Given material START

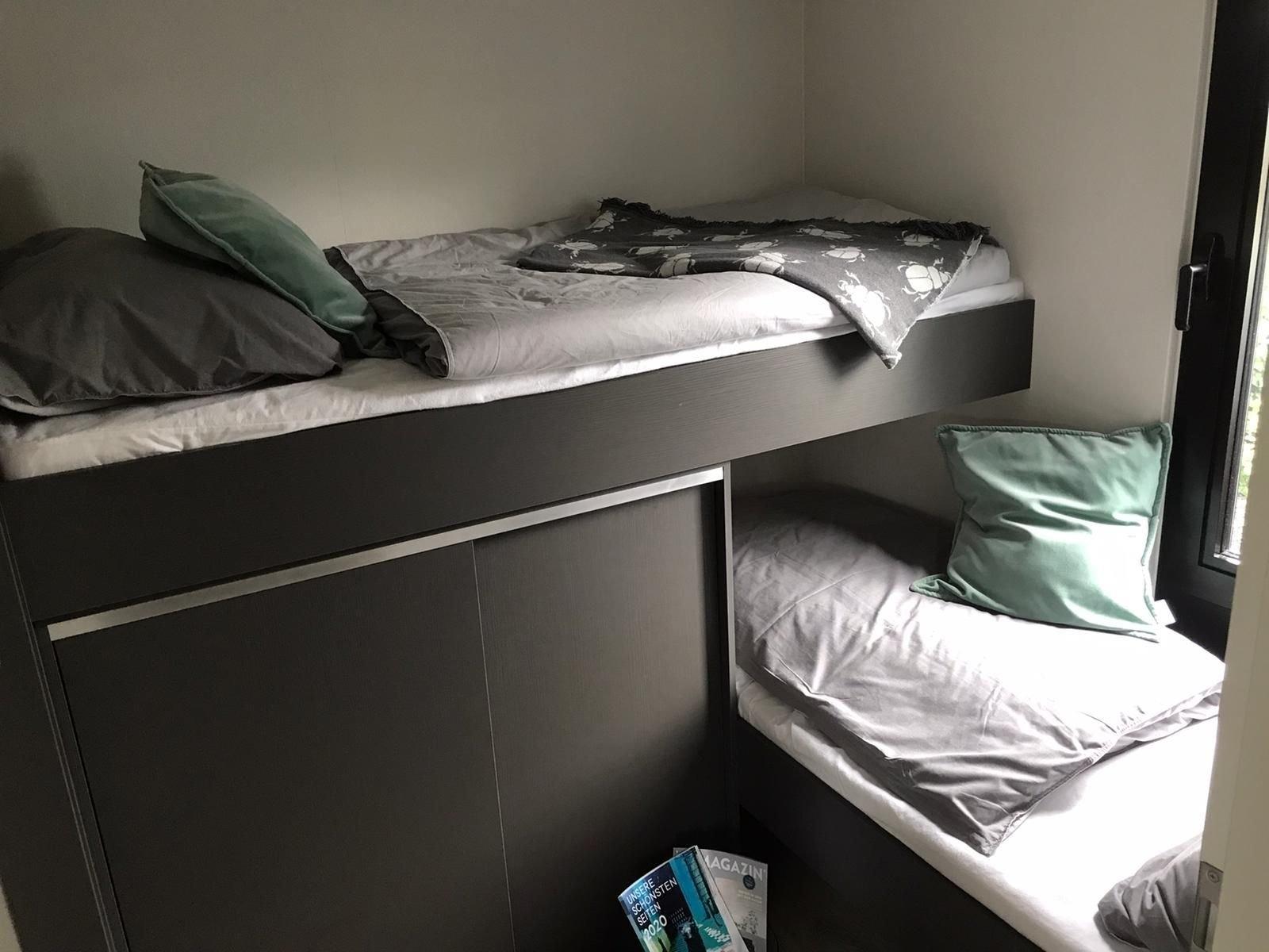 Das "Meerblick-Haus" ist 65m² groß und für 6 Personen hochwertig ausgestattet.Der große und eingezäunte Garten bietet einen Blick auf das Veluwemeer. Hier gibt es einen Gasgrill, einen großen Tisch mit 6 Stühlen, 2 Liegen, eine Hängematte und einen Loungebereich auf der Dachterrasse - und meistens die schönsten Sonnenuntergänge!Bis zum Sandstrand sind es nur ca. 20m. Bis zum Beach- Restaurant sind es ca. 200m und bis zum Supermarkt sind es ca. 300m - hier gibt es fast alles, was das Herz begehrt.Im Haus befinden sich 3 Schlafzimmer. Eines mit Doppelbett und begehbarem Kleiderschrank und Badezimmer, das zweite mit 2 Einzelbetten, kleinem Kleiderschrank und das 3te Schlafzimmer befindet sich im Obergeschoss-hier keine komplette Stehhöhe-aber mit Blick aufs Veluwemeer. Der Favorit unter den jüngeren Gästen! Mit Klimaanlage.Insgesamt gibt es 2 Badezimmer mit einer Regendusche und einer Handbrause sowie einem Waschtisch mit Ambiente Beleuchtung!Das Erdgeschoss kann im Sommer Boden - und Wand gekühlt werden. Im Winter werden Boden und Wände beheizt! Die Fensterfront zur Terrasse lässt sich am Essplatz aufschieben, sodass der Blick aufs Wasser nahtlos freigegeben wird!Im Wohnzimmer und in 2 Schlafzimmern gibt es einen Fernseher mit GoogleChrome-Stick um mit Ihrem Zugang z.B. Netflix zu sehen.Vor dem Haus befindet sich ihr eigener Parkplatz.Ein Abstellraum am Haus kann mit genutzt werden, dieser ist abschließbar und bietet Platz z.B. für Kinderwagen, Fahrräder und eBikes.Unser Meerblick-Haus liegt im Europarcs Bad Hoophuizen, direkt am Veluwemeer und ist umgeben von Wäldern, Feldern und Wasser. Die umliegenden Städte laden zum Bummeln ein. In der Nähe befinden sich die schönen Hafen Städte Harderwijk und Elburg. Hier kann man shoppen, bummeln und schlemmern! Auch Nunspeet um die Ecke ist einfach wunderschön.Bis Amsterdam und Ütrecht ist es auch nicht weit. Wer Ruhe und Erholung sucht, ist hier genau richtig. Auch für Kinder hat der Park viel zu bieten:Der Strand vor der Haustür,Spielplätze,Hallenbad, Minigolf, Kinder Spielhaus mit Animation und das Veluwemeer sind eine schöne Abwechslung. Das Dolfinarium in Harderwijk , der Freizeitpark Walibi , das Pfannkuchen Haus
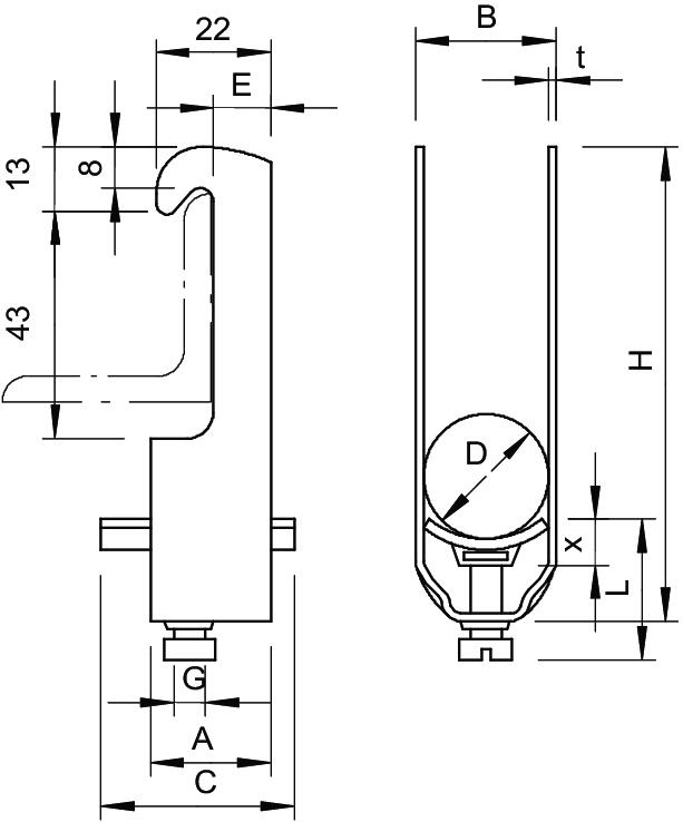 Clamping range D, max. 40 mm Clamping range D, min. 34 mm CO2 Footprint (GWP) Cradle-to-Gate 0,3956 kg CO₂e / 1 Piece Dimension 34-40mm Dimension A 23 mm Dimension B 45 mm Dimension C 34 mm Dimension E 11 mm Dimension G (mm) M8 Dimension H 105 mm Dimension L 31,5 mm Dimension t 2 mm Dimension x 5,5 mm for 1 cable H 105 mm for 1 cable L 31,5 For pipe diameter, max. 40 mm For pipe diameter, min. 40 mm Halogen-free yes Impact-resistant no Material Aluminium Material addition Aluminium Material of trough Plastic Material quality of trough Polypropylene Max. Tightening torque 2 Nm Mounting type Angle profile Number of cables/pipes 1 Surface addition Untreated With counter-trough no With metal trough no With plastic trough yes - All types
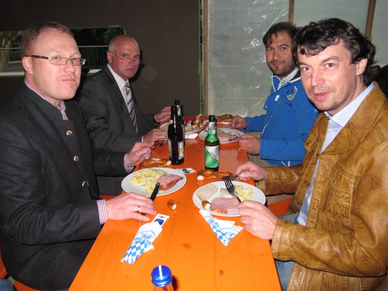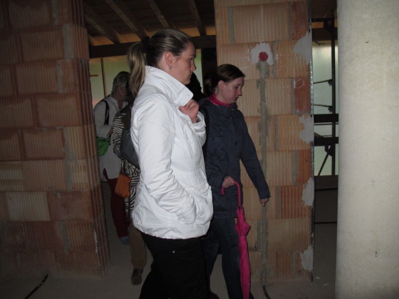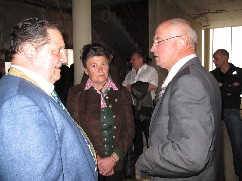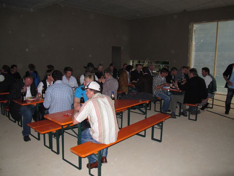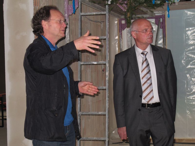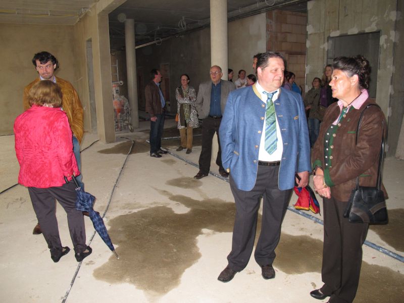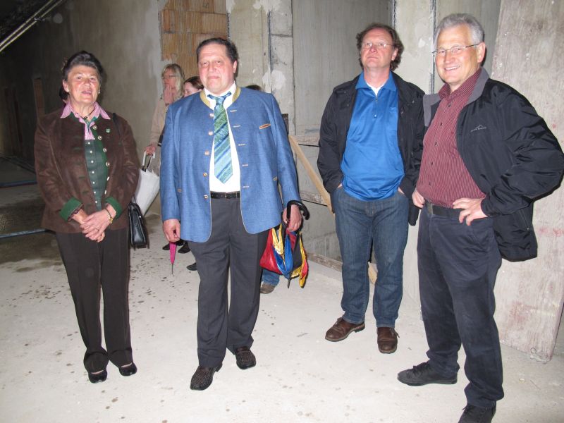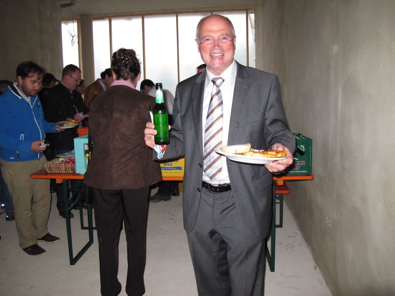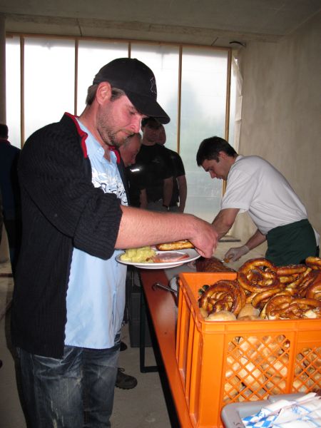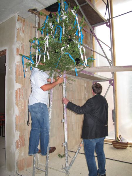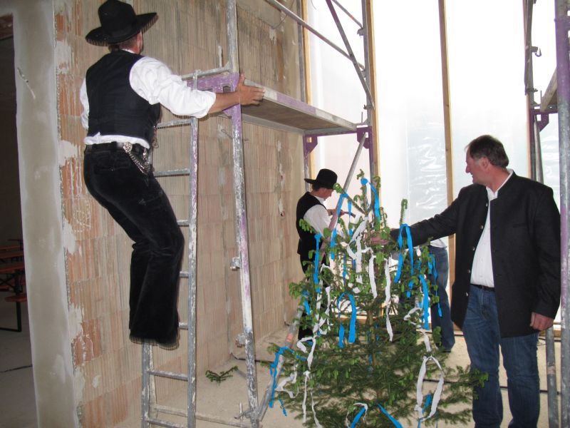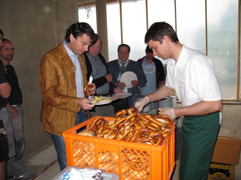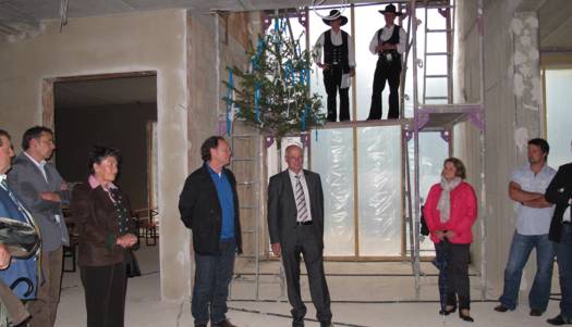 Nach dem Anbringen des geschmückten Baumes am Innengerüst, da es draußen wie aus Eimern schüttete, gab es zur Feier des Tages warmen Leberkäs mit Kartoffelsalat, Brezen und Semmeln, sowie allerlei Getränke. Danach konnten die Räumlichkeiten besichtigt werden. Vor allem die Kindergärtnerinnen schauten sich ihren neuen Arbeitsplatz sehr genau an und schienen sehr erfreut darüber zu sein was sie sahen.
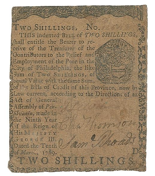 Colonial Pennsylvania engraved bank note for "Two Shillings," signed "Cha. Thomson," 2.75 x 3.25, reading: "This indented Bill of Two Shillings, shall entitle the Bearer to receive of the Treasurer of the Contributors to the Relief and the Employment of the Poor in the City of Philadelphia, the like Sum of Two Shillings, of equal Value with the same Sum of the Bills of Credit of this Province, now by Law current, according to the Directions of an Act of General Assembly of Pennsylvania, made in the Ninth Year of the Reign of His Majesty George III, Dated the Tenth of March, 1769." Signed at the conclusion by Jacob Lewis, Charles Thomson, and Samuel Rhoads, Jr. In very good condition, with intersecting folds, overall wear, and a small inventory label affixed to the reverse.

Given material END

**To do**
All of the material above goes into the copy exactly as is; the pictures do not.

**Task result**
 Das "Meerblick-Haus" ist 65m² groß und für 6 Personen hochwertig ausgestattet.Der große und eingezäunte Garten bietet einen Blick auf das Veluwemeer. Hier gibt es einen Gasgrill, einen großen Tisch mit 6 Stühlen, 2 Liegen, eine Hängematte und einen Loungebereich auf der Dachterrasse - und meistens die schönsten Sonnenuntergänge!Bis zum Sandstrand sind es nur ca. 20m. Bis zum Beach- Restaurant sind es ca. 200m und bis zum Supermarkt sind es ca. 300m - hier gibt es fast alles, was das Herz begehrt.Im Haus befinden sich 3 Schlafzimmer. Eines mit Doppelbett und begehbarem Kleiderschrank und Badezimmer, das zweite mit 2 Einzelbetten, kleinem Kleiderschrank und das 3te Schlafzimmer befindet sich im Obergeschoss-hier keine komplette Stehhöhe-aber mit Blick aufs Veluwemeer. Der Favorit unter den jüngeren Gästen! Mit Klimaanlage.Insgesamt gibt es 2 Badezimmer mit einer Regendusche und einer Handbrause sowie einem Waschtisch mit Ambiente Beleuchtung!Das Erdgeschoss kann im Sommer Boden - und Wand gekühlt werden. Im Winter werden Boden und Wände beheizt! Die Fensterfront zur Terrasse lässt sich am Essplatz aufschieben, sodass der Blick aufs Wasser nahtlos freigegeben wird!Im Wohnzimmer und in 2 Schlafzimmern gibt es einen Fernseher mit GoogleChrome-Stick um mit Ihrem Zugang z.B. Netflix zu sehen.Vor dem Haus befindet sich ihr eigener Parkplatz.Ein Abstellraum am Haus kann mit genutzt werden, dieser ist abschließbar und bietet Platz z.B. für Kinderwagen, Fahrräder und eBikes.Unser Meerblick-Haus liegt im Europarcs Bad Hoophuizen, direkt am Veluwemeer und ist umgeben von Wäldern, Feldern und Wasser. Die umliegenden Städte laden zum Bummeln ein. In der Nähe befinden sich die schönen Hafen Städte Harderwijk und Elburg. Hier kann man shoppen, bummeln und schlemmern! Auch Nunspeet um die Ecke ist einfach wunderschön.Bis Amsterdam und Ütrecht ist es auch nicht weit. Wer Ruhe und Erholung sucht, ist hier genau richtig. Auch für Kinder hat der Park viel zu bieten:Der Strand vor der Haustür,Spielplätze,Hallenbad, Minigolf, Kinder Spielhaus mit Animation und das Veluwemeer sind eine schöne Abwechslung. Das Dolfinarium in Harderwijk , der Freizeitpark Walibi , das Pfannkuchen Haus
 Clamping range D, max. 40 mm Clamping range D, min. 34 mm CO2 Footprint (GWP) Cradle-to-Gate 0,3956 kg CO₂e / 1 Piece Dimension 34-40mm Dimension A 23 mm Dimension B 45 mm Dimension C 34 mm Dimension E 11 mm Dimension G (mm) M8 Dimension H 105 mm Dimension L 31,5 mm Dimension t 2 mm Dimension x 5,5 mm for 1 cable H 105 mm for 1 cable L 31,5 For pipe diameter, max. 40 mm For pipe diameter, min. 40 mm Halogen-free yes Impact-resistant no Material Aluminium Material addition Aluminium Material of trough Plastic Material quality of trough Polypropylene Max. Tightening torque 2 Nm Mounting type Angle profile Number of cables/pipes 1 Surface addition Untreated With counter-trough no With metal trough no With plastic trough yes - All types
 Nach dem Anbringen des geschmückten Baumes am Innengerüst, da es draußen wie aus Eimern schüttete, gab es zur Feier des Tages warmen Leberkäs mit Kartoffelsalat, Brezen und Semmeln, sowie allerlei Getränke. Danach konnten die Räumlichkeiten besichtigt werden. Vor allem die Kindergärtnerinnen schauten sich ihren neuen Arbeitsplatz sehr genau an und schienen sehr erfreut darüber zu sein was sie sahen.
 Colonial Pennsylvania engraved bank note for "Two Shillings," signed "Cha. Thomson," 2.75 x 3.25, reading: "This indented Bill of Two Shillings, shall entitle the Bearer to receive of the Treasurer of the Contributors to the Relief and the Employment of the Poor in the City of Philadelphia, the like Sum of Two Shillings, of equal Value with the same Sum of the Bills of Credit of this Province, now by Law current, according to the Directions of an Act of General Assembly of Pennsylvania, made in the Ninth Year of the Reign of His Majesty George III, Dated the Tenth of March, 1769." Signed at the conclusion by Jacob Lewis, Charles Thomson, and Samuel Rhoads, Jr. In very good condition, with intersecting folds, overall wear, and a small inventory label affixed to the reverse.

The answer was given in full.